BEGIN Data for this exercise

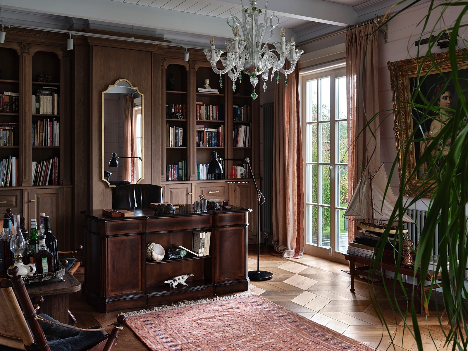 Кабинет. Письменный стол, Theodore Aleхander. Люстра, De Majo. Алая тесьма с пайетками на шелковых шторах, Samuel & Sons. Книжный шкаф изготовлен на заказ по эскизам.
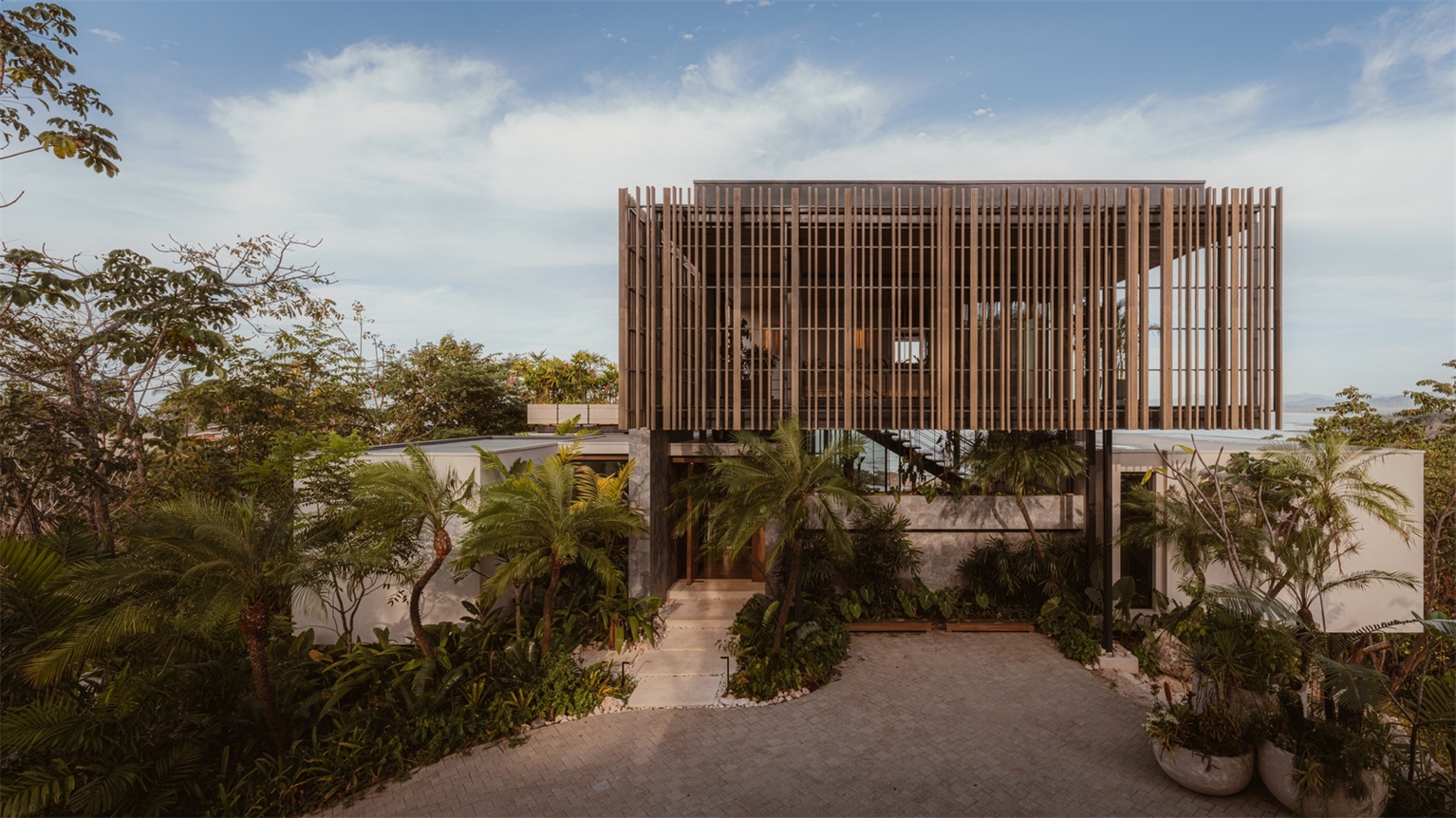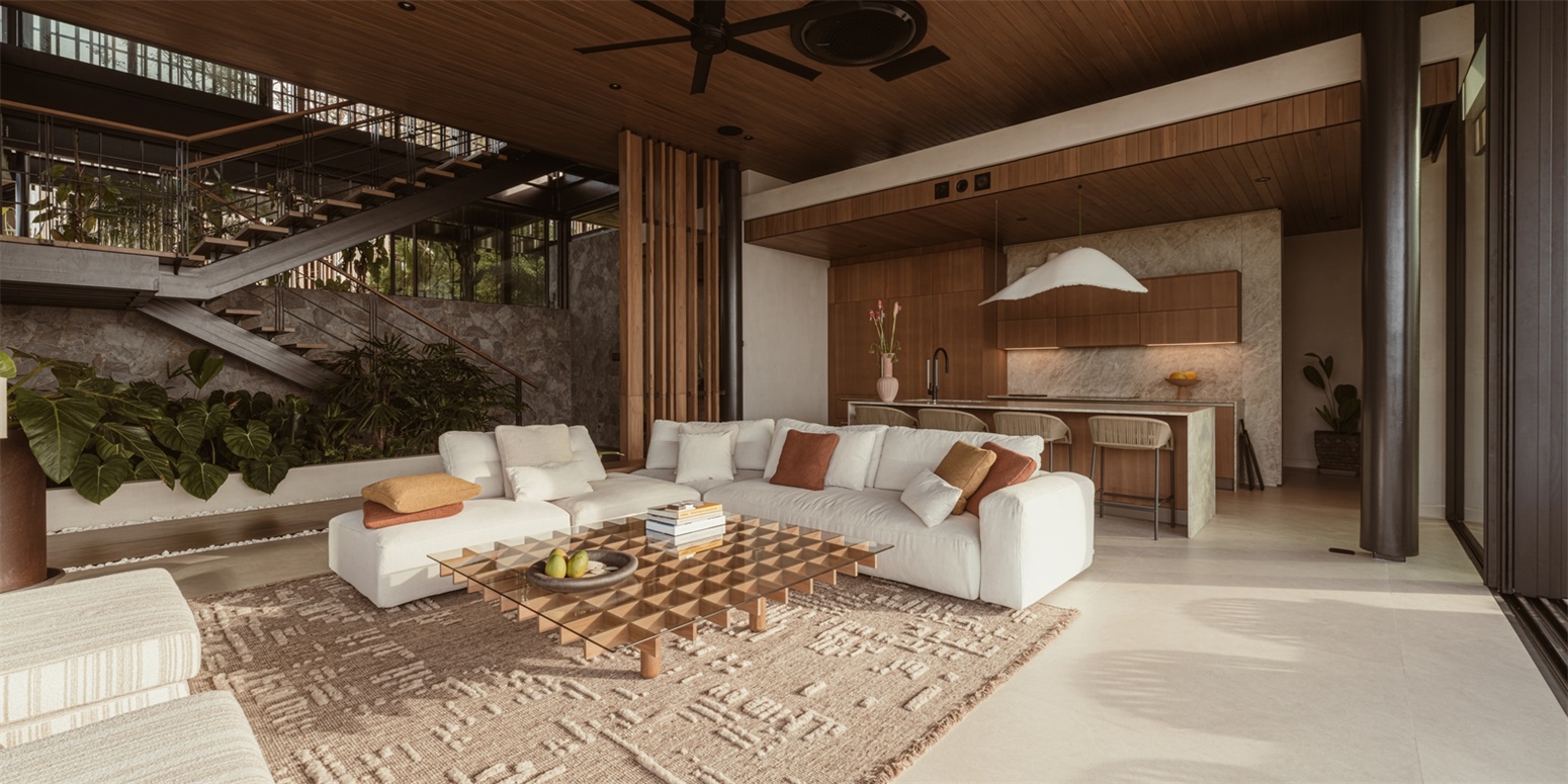 由于地处偏远,这座住宅被设计为一个自给自足的系统。雨水被收集和过滤,能源需求通过太阳能整合和被动式设计策略来满足。遮阳板采用负责任采集的毛竹制成,这种可再生且生长迅速的材料兼具结构强度和气候适应性。这些轻盈的元素减少了太阳得热,促进了空气对流,并增强了建筑体量的悬浮感。再生木材天花板和石材表面确保了建筑的耐久性,且维护需求极低,而可操作玻璃面板则改善了被动制冷效果,减少了对人工气候控制的需求。
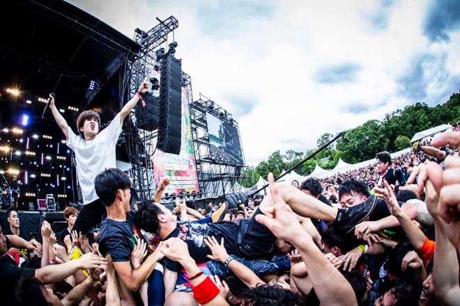 まるで応援団長のごとく一言ずつ力を込めて演説するヤマサキ。その言葉がオーディエンスの気持ちへさらに火を点けていった。「KMDT25」ではソゴウの叩く祭囃子に合わせ、でっかいサークルも生まれて、老若男女が肩を組んで踊る姿も。一足早い盆踊りだ。
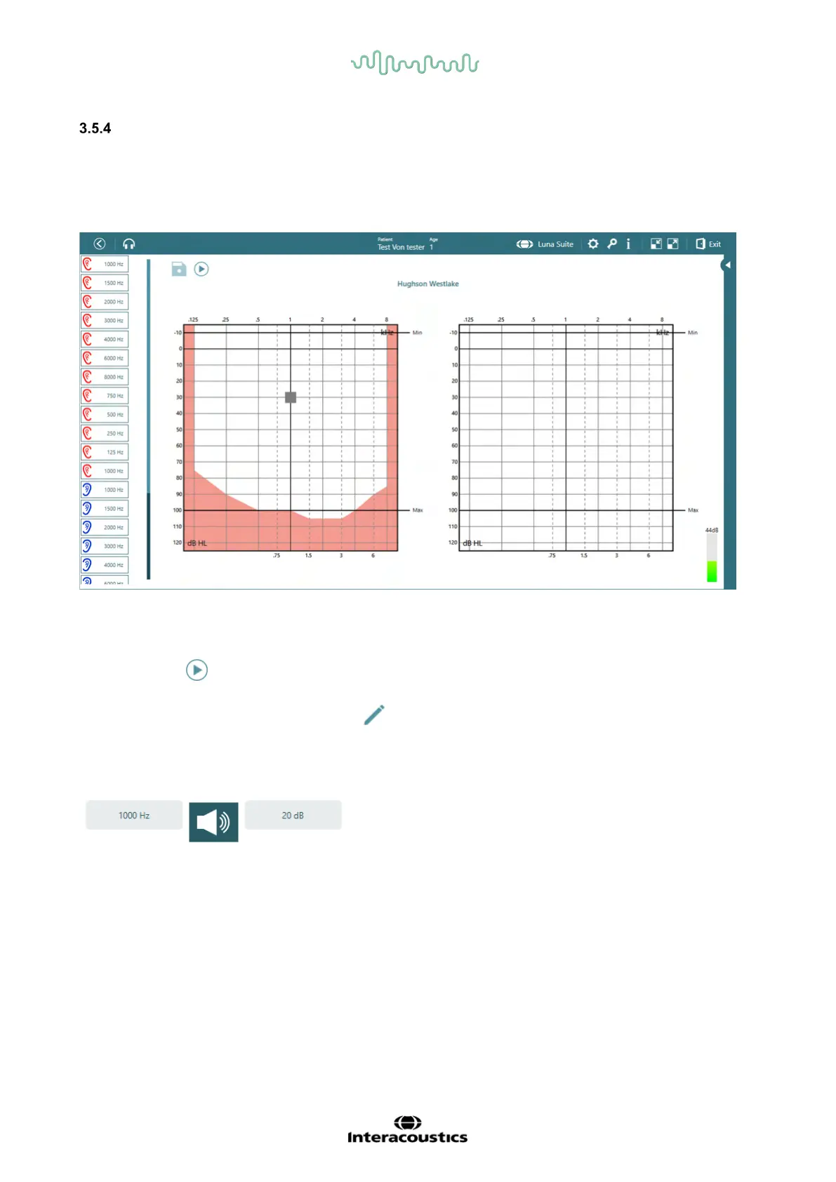 determined from 2 out of 3 similar responses (or 3 out of 5) to the tone. The test starts at 1000 Hz and at
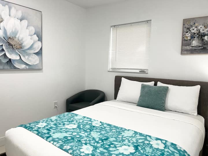 Pat matrimonial modern 1BR/1BA, duș cu hidromasaj, birou, kitche
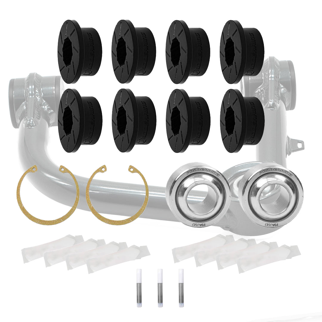 Polyurethane bushings are great for upper control arms, shackles, and even motor mounts. These bushings not only have a longer effective lifespan, but they also hold up better under the stresses that spirited driving can inflict on the original suspension bushings. They provide good vibration dampening compared to the firmer bushings such as delrin. We recommend using Probearing grease with polyurethane bushings for superior lubrication and to help prevent squeaks.
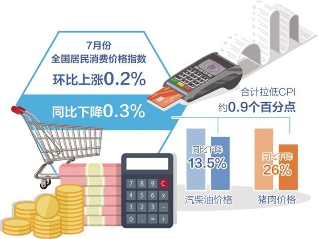 國家統計局數據顯示,今年7月份全國居民消費價格指數(CPI)環比上漲0.2%,由降轉漲;同比由上月持平轉為下降0.3%。工業生產者出廠價格指數(PPI)環比、同比降幅均收窄。
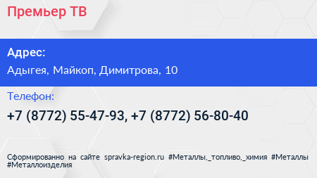Премьер ТВ по адресу Адыгея, Майкоп, Димитрова, 10 в дальнейшем Организация, размещена в следующих категориях:
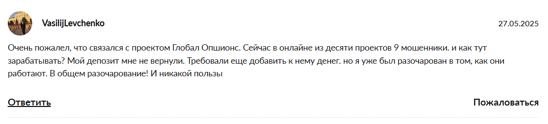 Global Options обзор и отзывы
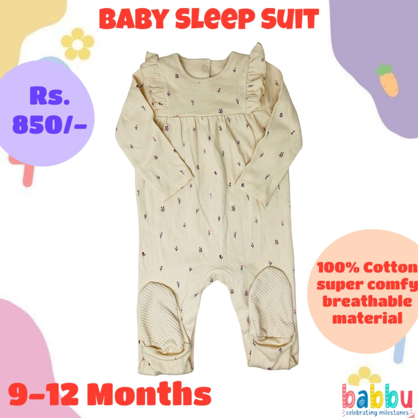Sleep Suits 9-12 Months – Beige Small Red Flowers
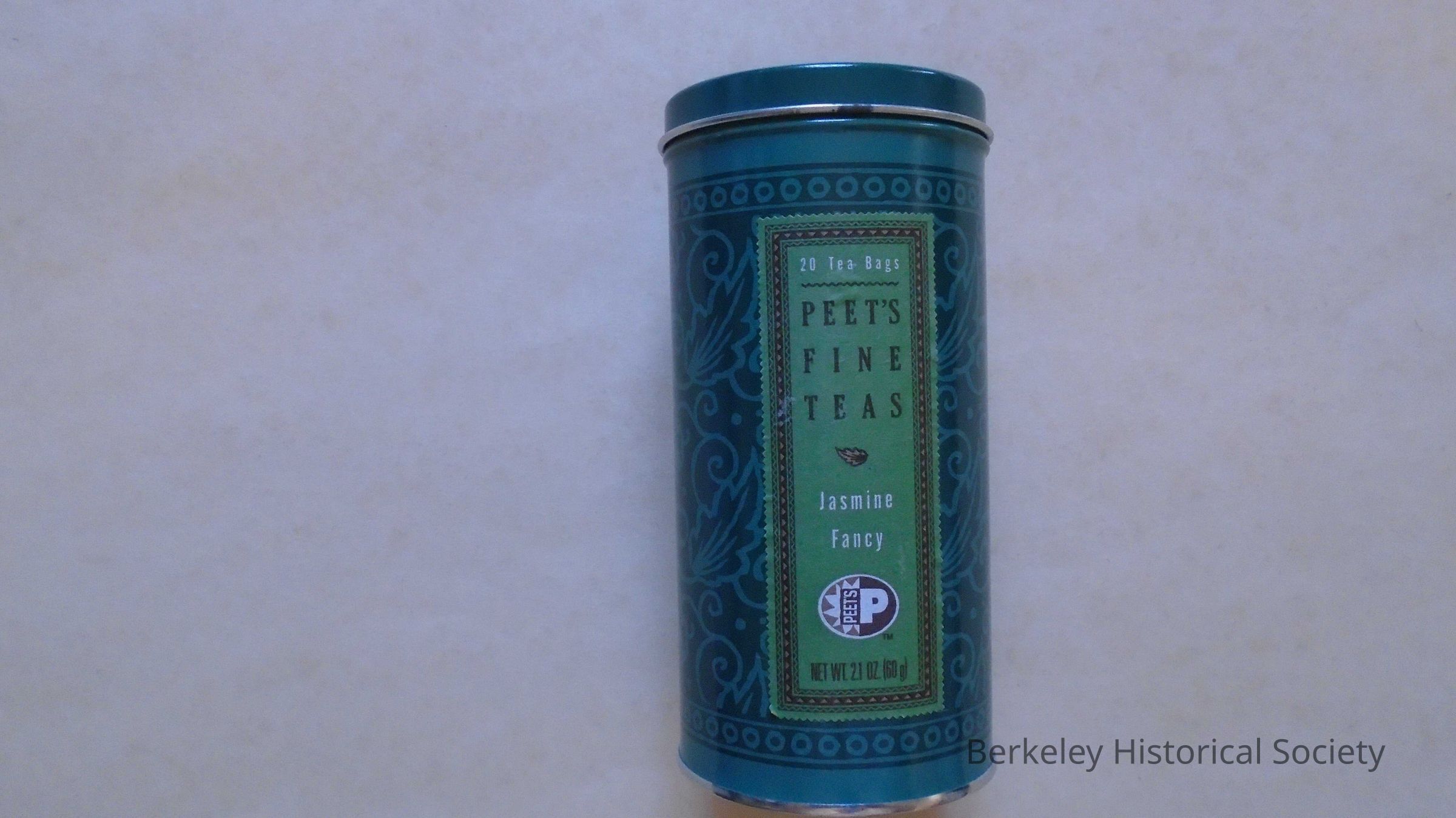Round, tall, metal canister with lid. Green and brown, with Peet's logo and "PEET'S FINE TEAS Berkeley, California, Jasmine Fancy 2.1 oz". on it.Made/Created

END Data for this exercise

■ **Required action**: Give the entries back verbatim and omit the images.

■ **Response area**:
 Кабинет. Письменный стол, Theodore Aleхander. Люстра, De Majo. Алая тесьма с пайетками на шелковых шторах, Samuel & Sons. Книжный шкаф изготовлен на заказ по эскизам.
 由于地处偏远,这座住宅被设计为一个自给自足的系统。雨水被收集和过滤,能源需求通过太阳能整合和被动式设计策略来满足。遮阳板采用负责任采集的毛竹制成,这种可再生且生长迅速的材料兼具结构强度和气候适应性。这些轻盈的元素减少了太阳得热,促进了空气对流,并增强了建筑体量的悬浮感。再生木材天花板和石材表面确保了建筑的耐久性,且维护需求极低,而可操作玻璃面板则改善了被动制冷效果,减少了对人工气候控制的需求。
 まるで応援団長のごとく一言ずつ力を込めて演説するヤマサキ。その言葉がオーディエンスの気持ちへさらに火を点けていった。「KMDT25」ではソゴウの叩く祭囃子に合わせ、でっかいサークルも生まれて、老若男女が肩を組んで踊る姿も。一足早い盆踊りだ。
 determined from 2 out of 3 similar responses (or 3 out of 5) to the tone. The test starts at 1000 Hz and at
 Pat matrimonial modern 1BR/1BA, duș cu hidromasaj, birou, kitche
 Polyurethane bushings are great for upper control arms, shackles, and even motor mounts. These bushings not only have a longer effective lifespan, but they also hold up better under the stresses that spirited driving can inflict on the original suspension bushings. They provide good vibration dampening compared to the firmer bushings such as delrin. We recommend using Probearing grease with polyurethane bushings for superior lubrication and to help prevent squeaks.
 國家統計局數據顯示,今年7月份全國居民消費價格指數(CPI)環比上漲0.2%,由降轉漲;同比由上月持平轉為下降0.3%。工業生產者出廠價格指數(PPI)環比、同比降幅均收窄。
Премьер ТВ по адресу Адыгея, Майкоп, Димитрова, 10 в дальнейшем Организация, размещена в следующих категориях:
 Global Options обзор и отзывы
Sleep Suits 9-12 Months – Beige Small Red Flowers
Round, tall, metal canister with lid. Green and brown, with Peet's logo and "PEET'S FINE TEAS Berkeley, California, Jasmine Fancy 2.1 oz". on it.Made/Created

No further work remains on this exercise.